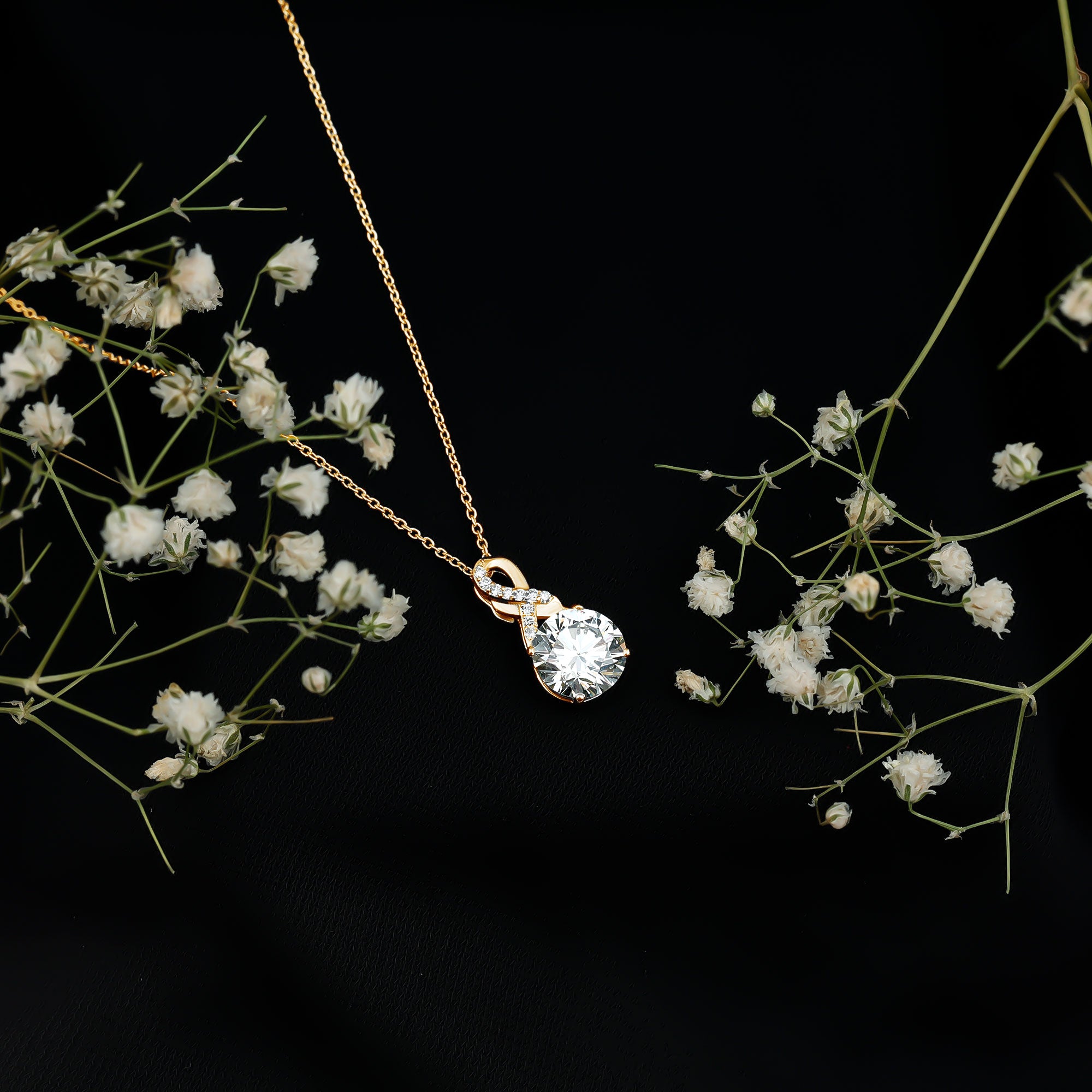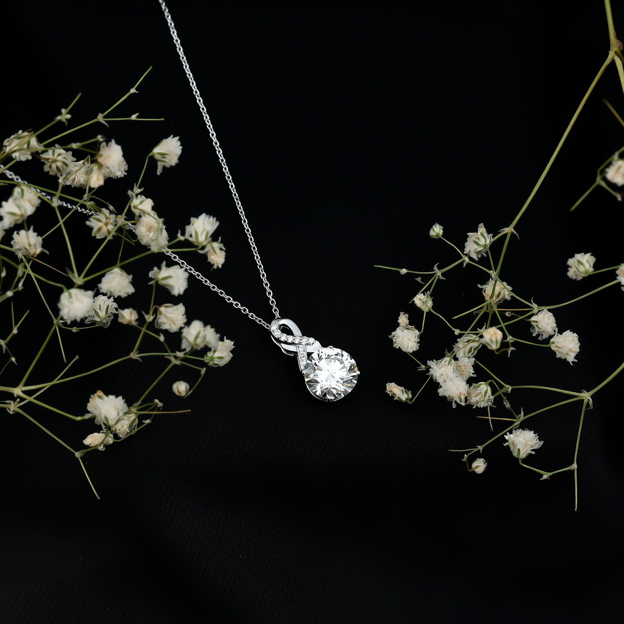 Make yourself the talk of the town with this Diamond Infinity Necklace. Handcrafted with care, this Solitaire Pendant features a sleek, vertical infinity sign encrusted with small diamonds and skillfully designed with high-quality metal. An 8 MM round cut diamond (lab grown) is set in prong setting at the bottom of the Infinity Sign Necklace. Our Diamond Pendant Necklace is a symbol of forever love, perfect for gifting on special occasions such as Valentines Day, Anniversaries, Birthdays, New Year, Christmas, and many more.
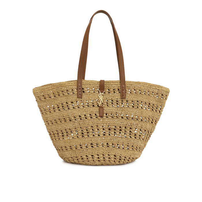 Saint Laurent Panier Medium Bag in Crochet Raffia and Smooth Leather 42cm
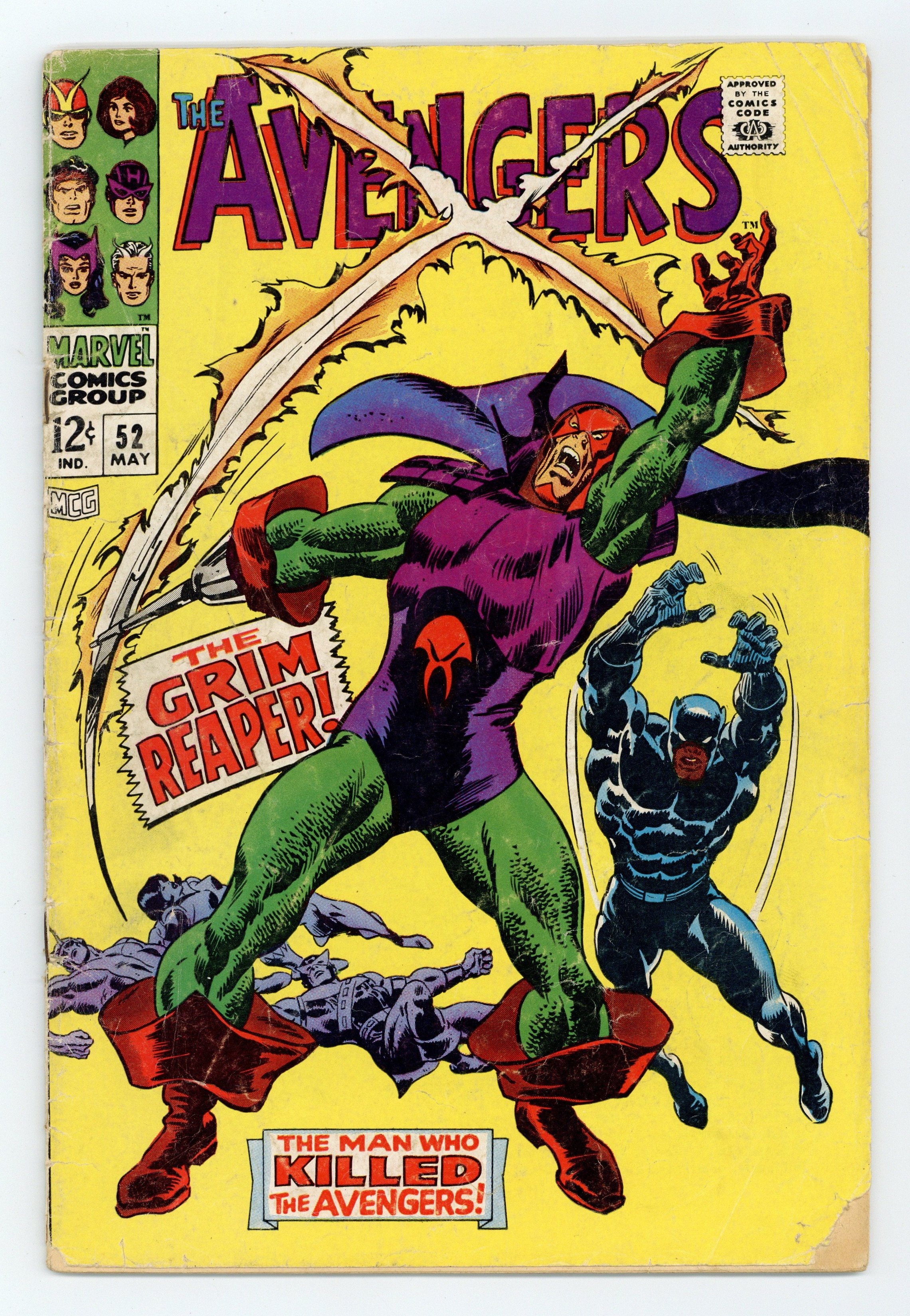 Starts May 25 First appearance of the Grim Reaper in "Death Calls for the Arch-Heroes!" Script by Roy Thomas. Pencils by John Buscema. Inks by Vince Colletta. Cover by John Buscema. The Black Panther arrives at Avengers Mansion ready to join Earth's Mightiest Heroes! However when T'Challa reaches the main meeting room, he finds his three would-be teammates lying on the floor unconscious! The panther begins to render first aid, but Jasper Sitwell suddenly appears and arrests him for murder! While being transported to and questioned at the local police station, T'Challa puts the evening's strange pieces together! And the newest avenger rushes back to the mansion to face the true perpetrator! Wow, the Black Panther vs. the Grim Reaper! What a debut for the superhero and the super-villain! Cameo appearances by the Black Widow, Tony Stark, Captain America, and Thor. Flashback cameo by Wonder Man to recap the events of Avengers #9. Avengers Lineup: Black Panther, Goliath, Hawkeye, and the Wasp. (Notes: The Grim Reaper (aka Eric Williams) returns in Avengers #78 to continue his quest for revenge. The letters page includes a letter from comics writer Mike Uslan. This issue was reprinted in Marvel Triple Action #44.) 36 pages. Cover price $0.12.

▶ [Task details]: Please return the full listing word for word, but without any pictures.

▶ [Solution for this exercise]:
 Make yourself the talk of the town with this Diamond Infinity Necklace. Handcrafted with care, this Solitaire Pendant features a sleek, vertical infinity sign encrusted with small diamonds and skillfully designed with high-quality metal. An 8 MM round cut diamond (lab grown) is set in prong setting at the bottom of the Infinity Sign Necklace. Our Diamond Pendant Necklace is a symbol of forever love, perfect for gifting on special occasions such as Valentines Day, Anniversaries, Birthdays, New Year, Christmas, and many more.
 Saint Laurent Panier Medium Bag in Crochet Raffia and Smooth Leather 42cm
 Starts May 25 First appearance of the Grim Reaper in "Death Calls for the Arch-Heroes!" Script by Roy Thomas. Pencils by John Buscema. Inks by Vince Colletta. Cover by John Buscema. The Black Panther arrives at Avengers Mansion ready to join Earth's Mightiest Heroes! However when T'Challa reaches the main meeting room, he finds his three would-be teammates lying on the floor unconscious! The panther begins to render first aid, but Jasper Sitwell suddenly appears and arrests him for murder! While being transported to and questioned at the local police station, T'Challa puts the evening's strange pieces together! And the newest avenger rushes back to the mansion to face the true perpetrator! Wow, the Black Panther vs. the Grim Reaper! What a debut for the superhero and the super-villain! Cameo appearances by the Black Widow, Tony Stark, Captain America, and Thor. Flashback cameo by Wonder Man to recap the events of Avengers #9. Avengers Lineup: Black Panther, Goliath, Hawkeye, and the Wasp. (Notes: The Grim Reaper (aka Eric Williams) returns in Avengers #78 to continue his quest for revenge. The letters page includes a letter from comics writer Mike Uslan. This issue was reprinted in Marvel Triple Action #44.) 36 pages. Cover price $0.12.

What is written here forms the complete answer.